Mesmo assim, há muita indefinição na escolha dos nomes para a disputa. Alckimin brigará para entrar na disputa contra nomes aparentemente mais fracos, como o secretário estadual da Casa Civil, Aloysio Nunes Ferreira, e o prefeito de São Paulo, Gilberto Kassab, do DEM.
Já Ciro é o candidato preferido do presidente Lula para o Governo paulista. Com o nome cotado também a disputa presidencial, precisa enfrentar a resistência da ala petista ligada a Marta Suplicy.
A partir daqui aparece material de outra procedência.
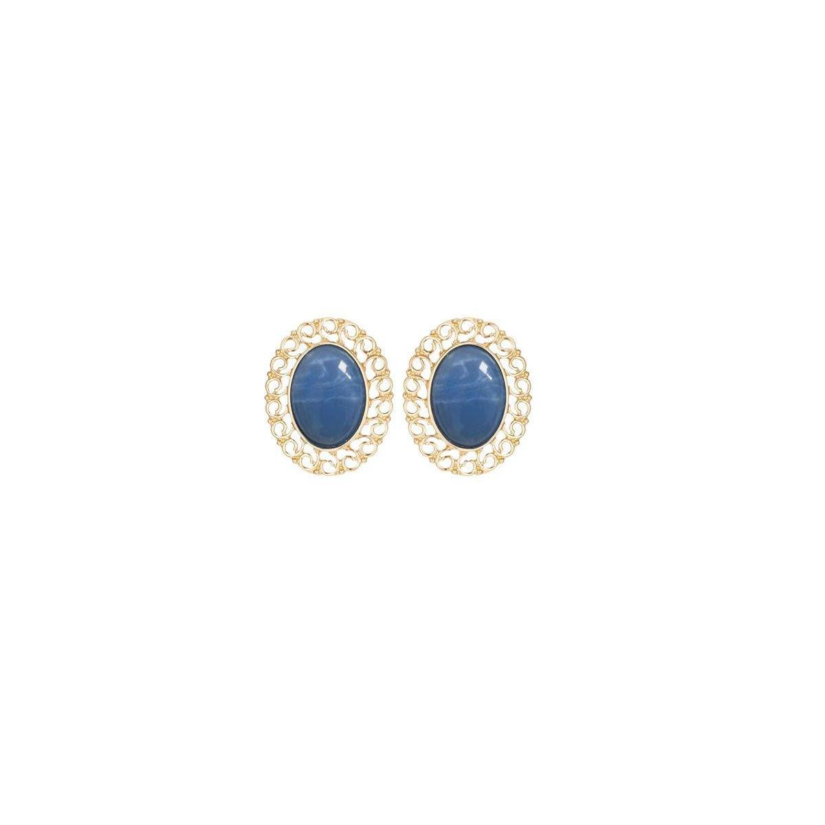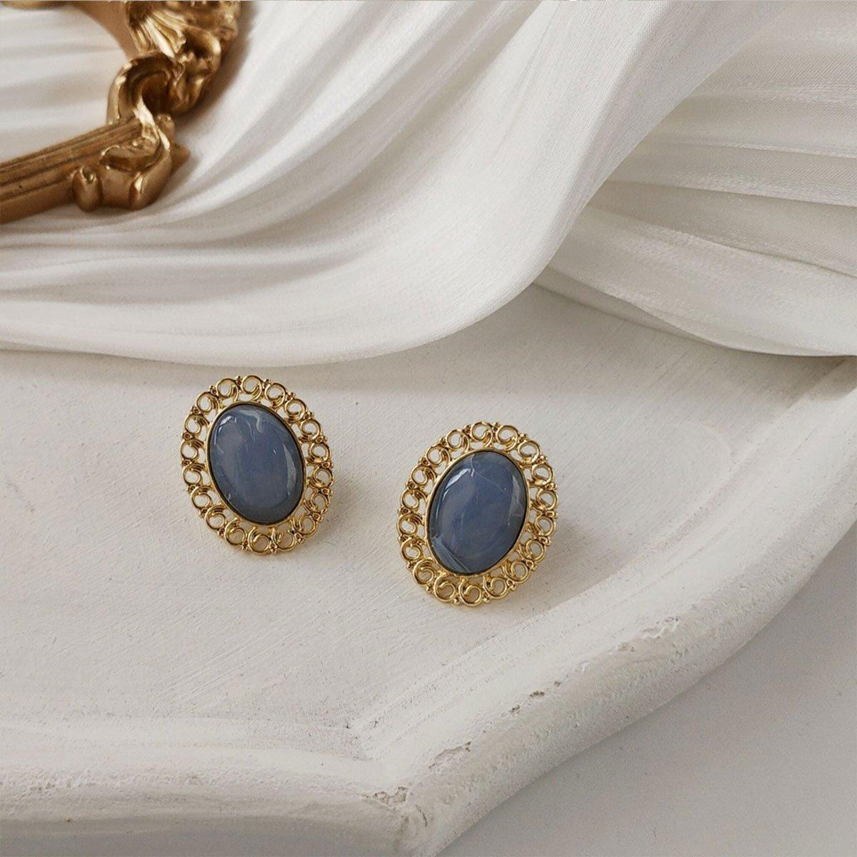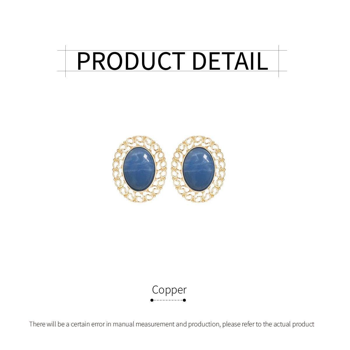 Elegant Blue Oil Drop Oval Earrings Retro Fashion Silver Needle Women Jewelry

Sem Alckmin, Marta e Ciro Gomes sobem nas pesquisas. A petista e o prefeito Kassab aparecem com empate técnico (22 e 20%, respectivamente). Já sem Alckmin e Marta, Kassab liderá com 22%, com Ciro Gomes aparecendo com 18%, que pode ser considerado um empate técnico, já que a margem de erro são dois pontos percentuais para mais ou para menos.
Paulo Maluf varia de 11 a 14%, dependendo dos seus adversários, sendo sua melhor situação uma disputa contra Ciro e Kassab. A subprefeita da Lapa, Soninha Francine (PPS) varia de 4% a 7%. A ex-prefeita e hoje deputada federal Luiza Erundina, do mesmo PSB de Ciro, tem de 4% a 5%, dependendo dos concorrentes. Paulinho (PDT), Campos Machado (PTB), Ivan Valente (PSOL) e Paulo Skaf (sem partido) não passam de 3% em nenhum dos cenários
Serra: 57% de ótimo e bom
A avaliação do governador de São Paulo, José Serra (PSDB), atingiu o maior patamar em dois anos e sete meses de governo, com 57% dos eleitores que avaliam sua gestão como boa ou ótima. A taxa dos que consideram seu governo regular variou um ponto para baixo, para 32%, e o índice dos que veem sua administração como ruim ou péssima permaneceu em 9%.
Segundo o Instituto de Pesquisa Datafolha, o seu desempenho é melhor no interior, quando chega a 63%, do que na capital, onde fica dez pontos percentuais abaixo da sua média, com 47%. Na divisão por renda, seu melhor desempenho é entre os que ganham até dois salários mínimos, com 61% de ótimo ou bom. Entre os que ganham mais de dez mínimos, cai para 48%. Sua nota média, de 6,7, é igual a da última pesquisa.